Communication

L'homme n'est pas le centre du monde

 

Espaces naturels n°61 - janvier 2018

Le Dossier

Françoise Serre-Collet, chargée de médiation scientifique Reptiles et Amphibiens, Muséum national d'histoire naturelle, serrecollet@mnhn.fr

Comment lutter contre des croyances telles que les couleuvres têteuses de vaches ou aller à l’encontre de cette rumeur qui prétend que les écologistes ont balancé des caisses de vipères par hélicoptères pour repeupler certaines régions ? Certains en sont persuadés, d’ailleurs c’est vrai, puisque la cousine de l’arrière-grand-père de la tante l’a vu !

Éclosion d'une Couleuvre à collier. © Françoise Serre-Collet, MNHN

Éclosion d'une Couleuvre à collier. © Françoise Serre-Collet, MNHN

Comment, en tant que scientifique, réagir vis-à-vis de toutes ces convictions qui nous paraissent des inepties, comment leur tordre le cou afin d’amener l’humain sur les chemins de la connaissance scientifique ? Par la communication ! Les méthodes classiques (radio, télévision, sites web, articles, conférences, etc.) en sont les piliers, tout comme l’utilisation des collections (inertes ou vivantes). J’aimerais attirer l’attention sur un support particulièrement intéressant : la photographie, qui, grâce au numérique, s’est largement développée ces dernières années.

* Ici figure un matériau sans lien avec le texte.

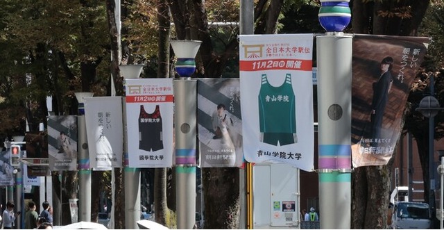 株式会社朝日新聞社(代表取締役社長CEO:角田克)は、11月2日の秩父宮賜杯第57回全日本大学駅伝対校選手権大会(朝日新聞社など主催、長谷工グループ特別協賛)開催に先立ち、出場する全27チームのユニホームを描いたフラッグ広告を名古屋・広小路通で掲出しています。フラッグ広告の掲出は今回が初めての試みとなります。
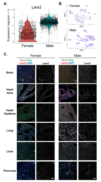 圖6. Lars2的表達(dá)是男性內(nèi)皮細(xì)胞所特有的

L’homme est avant tout un animal visuel et une photo de comportement, entre autres, permet de lever les doutes, d’expliquer. Quand on a affaire à une croyance qui veut que les vipéreaux éventrent leur mère pour sortir de son ventre ou que les femelles serpents avalent leurs petits pour les protéger, quoi de mieux qu’un bon support visuel montrant la naissance ou l’alimentation de certaines espèces. Le support photographique s’insère comme illustration dans les livres, articles, sites web comme l’INPN, les posters, les conférences ; c’est aussi l’accroche lors de manifestations comme lors des fêtes scientifiques, festivals photos ou sciences participatives comme « un dragon dans mon jardin ».

Encore faut-il que la photographie ne soit pas source de dérangement pour l’animal, qu’il soit protégé ou non… et qu’on ne se laisse pas tenter par la chasse à la coche, qui conduit nombre de photographes naturalistes à photographier un maximum d’espèces, y compris protégées, parfois pour la gloire d’un post sur Facebook...

On doit également être attentif à notre façon de parler devant un parterre de néophytes… La plupart des naturalistes parlent des animaux en utilisant le partitif : c’est « de » la Couleuvre à collier ou « du » Crapaud commun ! Certains n’y voient aucun manque de respect vis-à-vis de l’animal et pourtant, ce dernier devient du matériel biologique, de la matérialisation du vivant, du déterminisme, du commercial. L’animal perd son statut d’être vivant… ne dit-on pas « du » thon en boîte ? L’homme n’est pas le centre du monde, même si on a tendance à faire comme si… Protégeons les serpents car ils régulent les populations de rongeurs néfastes aux cultures ! Bien sûr, c’est vrai, mais la vraie question serait plutôt, qui sommes-nous pour nous donner le droit de vie ou de mort sur une espèce, quelle qu’elle soit ? La nature ne pourrait-elle rien faire sans l’intervention de l’homme ? Vaste débat. Accrocher le public, le faire venir jusqu’à soi, l’émouvoir par la beauté tout en lui présentant la réalité de la nature sont l’essence d’une bonne communication auprès du grand public.